**ASSIGNMENT:** Starting with the line that holds "茂手木 蓮汰廊さんの総格は53画の3点!" and stopping after the line that holds "本次讲座特邀福州大学发展规划", repeat the lines below word for word, without the pictures.

[Excerpts from a dataset]
━━━

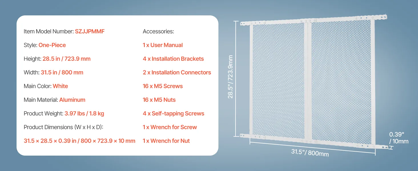 VEVOR RV Screen Door Protector, 800x723.9 mm Door Grille, Easy to Install and Disassemble, Reinforced Breathable Protective Mesh, Aluminum Alloy Camper RV Entry Protector for Pet Protection, White
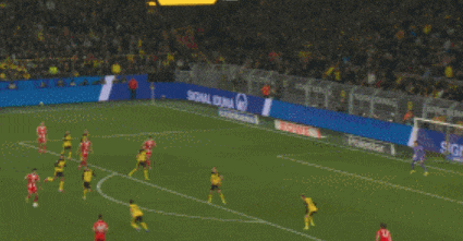 来到第26分钟,多特获得任意球机会,斯文松将球开出,施洛特贝克跃起头球破门,黄黑军团1-0领先!
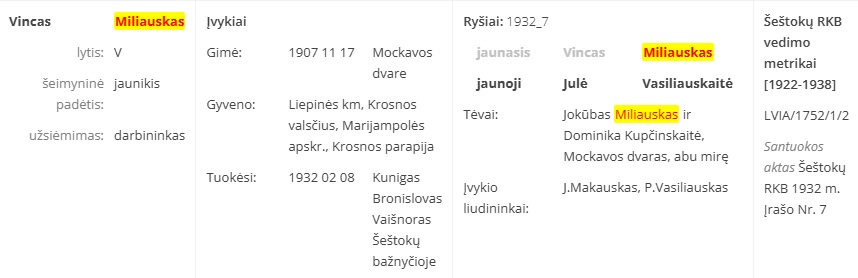 Vincas oo a 08.02.1932 na igreja de Šeštokai, Lithuania (livro de registro de Šeštokai, casamentos 1922-1938, Nr.7/1932), com Julé Vasiliauskaité * 1908, † 1993 na
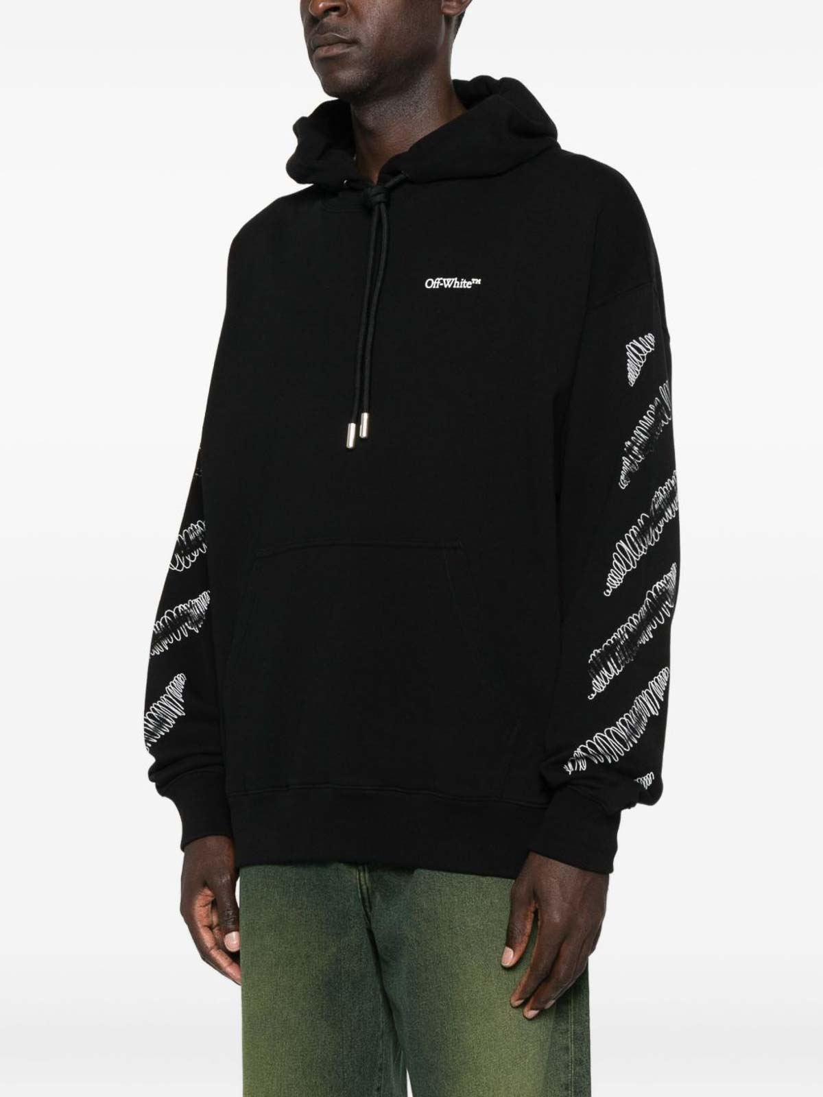 パーカーの色:袖にドローストリングのカンガルーポケットの矢印モチーフの装飾が施されたブラックフード
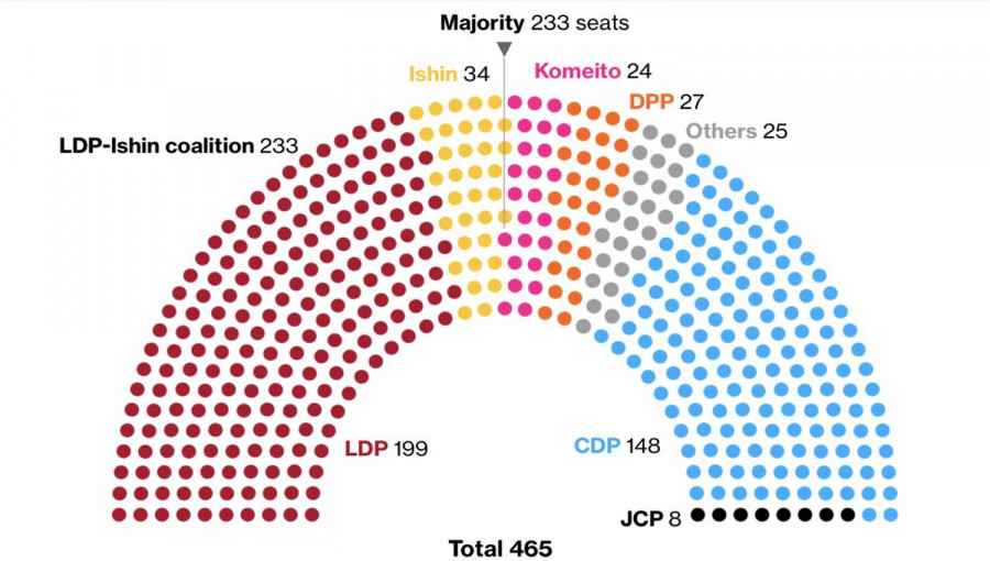 Неосторожность Санаэ Такаити, укрепление американского доллара и широкий дифференциал ставок долговых рынков США и Японии направляют USD/JPY к лучшей недельной динамике с октября. Страна готовится к выборам в нижнюю, наиболее влиятельную палату парламента, известную как Сейм. В ней 465 кресел, Либерально-демократическая партия в коалиции с Ишин имеет большинство – 233. При этом вера инвесторов в успех ЛДП открывает дверь для Такаити-торговли. Структура японского СеймаДолгое время правительство предпринимало титанические усилия, чтобы приструнить «быков» по USD/JPY. И когда у него наконец это
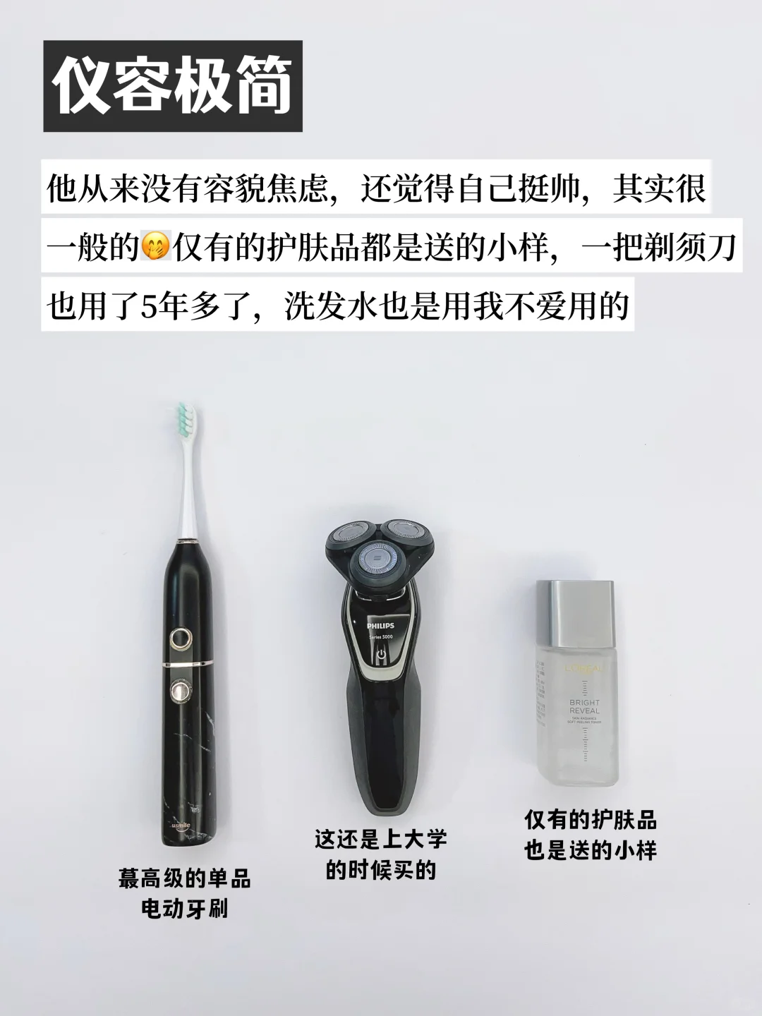 他从来没有容貌焦虑,还觉得自己挺帅,其实很一般的🤭仅有的护肤品都是送的小样,一把剃须刀也用了5年多了,洗发水也是用我不爱用的。
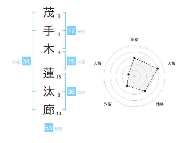 茂手木 蓮汰廊さんの総格は53画の3点!
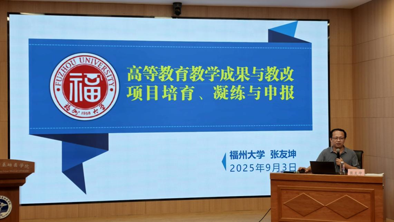 本次讲座特邀福州大学发展规划与学科建设处副处长、教务处原副处长张友坤做“高等教育教学成果与教改项目的培育、凝练与申报”为主题的专题讲座。张友坤副处长凭借其在高等教育领域多年的丰富经验和对教学成果、教改项目申报工作的深入研究,系统梳理了当前高等教育教学成果与教改项目的发展趋势和政策导向,结合最新的申报要求,详细解读了项目申报的重点、难点以及注意事项,并结合教学成果申报具体案例展示、教学成果的内涵与特征、教学成果的培育与锻造、教学成果的撰写与申报等四个维度,指导申报书撰写、材料规范组织、成果亮点挖掘等方面进行了深入剖析。在教学成果培育与凝练环节,张友坤副处长介绍了如何立足日常教学实践,聚焦教学改革中的关键问题,注重成果的创新性、实用性和可推广性,通过持续积累和系统梳理,以形成具有特色的教学成果,为在场的教师们提供了清晰的思路和极具价值的指导。
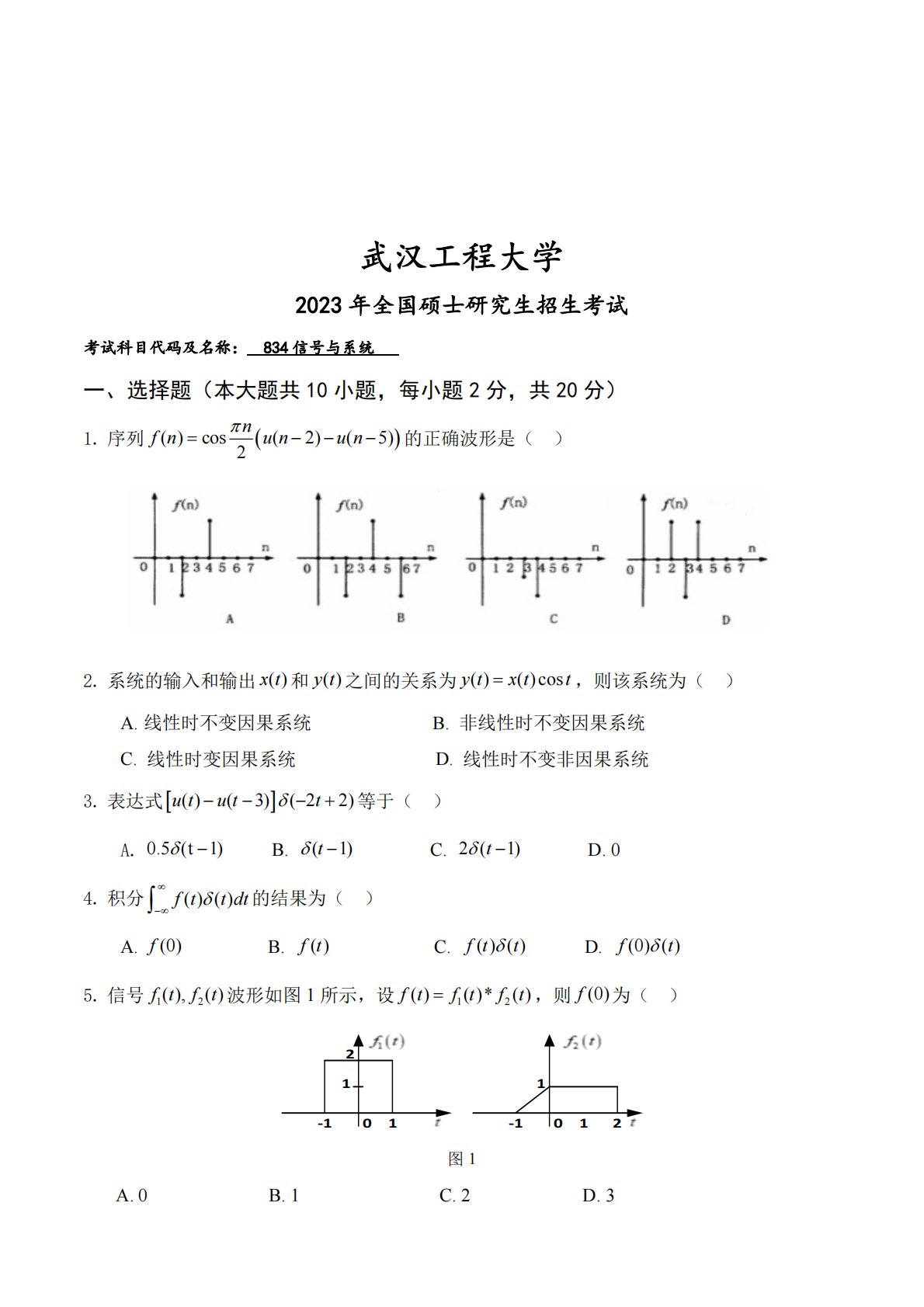 武汉工程大学2023年全国硕士研究生招生考试考试科目代码及名称:834信号与系统一、选择题(本大题共10小题,每小题2分,共20分)21.序列f(n)cosu(n2)u(n5)n的正确波形是()()()cos2.系统的输入和输出x(t)和y(t)之间的关系为ytxtt,则该系统为()A.线性时不变因果系统B.非线性时不变因果系统C.线性时变因果系统D.线性时不变非因果系统3.表达式u(t)u(t3)(2t2)等于()A.0.5(t1)B.(1)tC.2(1)tD.0()()fttdt4.积分的结果为()A.f(0)B.f(t)C.f(t)(t...
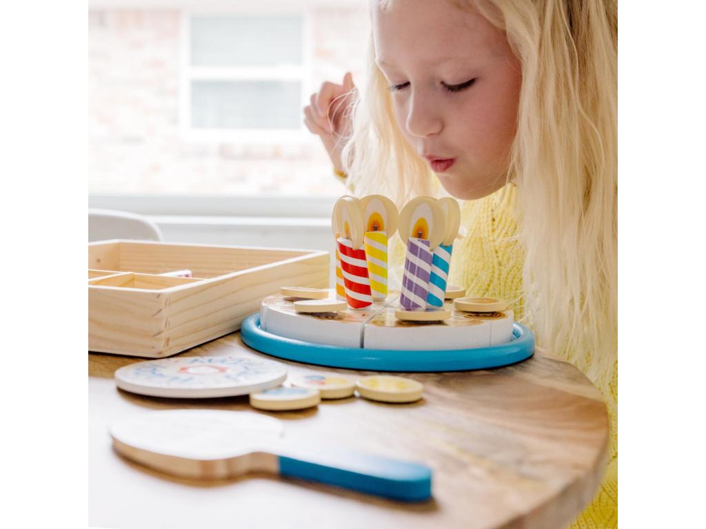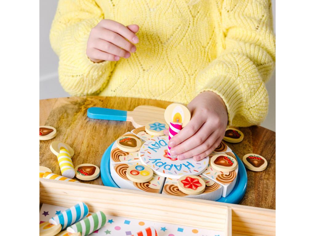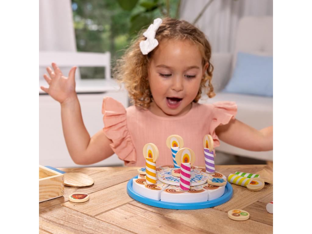 Ideje tortát enni! Elevenítsd meg a születésnapok varázsát minden nap újra. Ezzel a gyönyörű fa születésnapi tortával a Melissa & Doug-tól gyermeked végtelenül ünnepelhet, vendégeket hívhat meg és gyertyákat fújhat el. Akár egy képzeletbeli plüssállat születésnapját ünneplik, akár csak egy hangulatos teázást tartanak tortával a menün... garantáltan felejthetetlen ünnepség lesz.
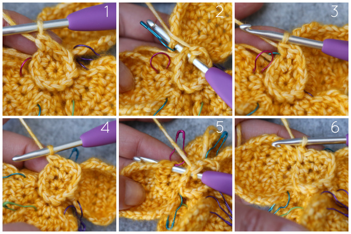 *Make 2 sc in the next st {Photo 4}, sc in the next st AND the first (marked) hdc of Row 3 of the next Petal together {Photos 5 and 6}. Bring your yarn to the front of the Petal**. Make 2 sc in the next st, sc in the next st AND the last (marked) hdc of Row 3 of the Petal together.*

━━━

**FINAL ANSWER:**
 茂手木 蓮汰廊さんの総格は53画の3点!
 本次讲座特邀福州大学发展规划与学科建设处副处长、教务处原副处长张友坤做“高等教育教学成果与教改项目的培育、凝练与申报”为主题的专题讲座。张友坤副处长凭借其在高等教育领域多年的丰富经验和对教学成果、教改项目申报工作的深入研究,系统梳理了当前高等教育教学成果与教改项目的发展趋势和政策导向,结合最新的申报要求,详细解读了项目申报的重点、难点以及注意事项,并结合教学成果申报具体案例展示、教学成果的内涵与特征、教学成果的培育与锻造、教学成果的撰写与申报等四个维度,指导申报书撰写、材料规范组织、成果亮点挖掘等方面进行了深入剖析。在教学成果培育与凝练环节,张友坤副处长介绍了如何立足日常教学实践,聚焦教学改革中的关键问题,注重成果的创新性、实用性和可推广性,通过持续积累和系统梳理,以形成具有特色的教学成果,为在场的教师们提供了清晰的思路和极具价值的指导。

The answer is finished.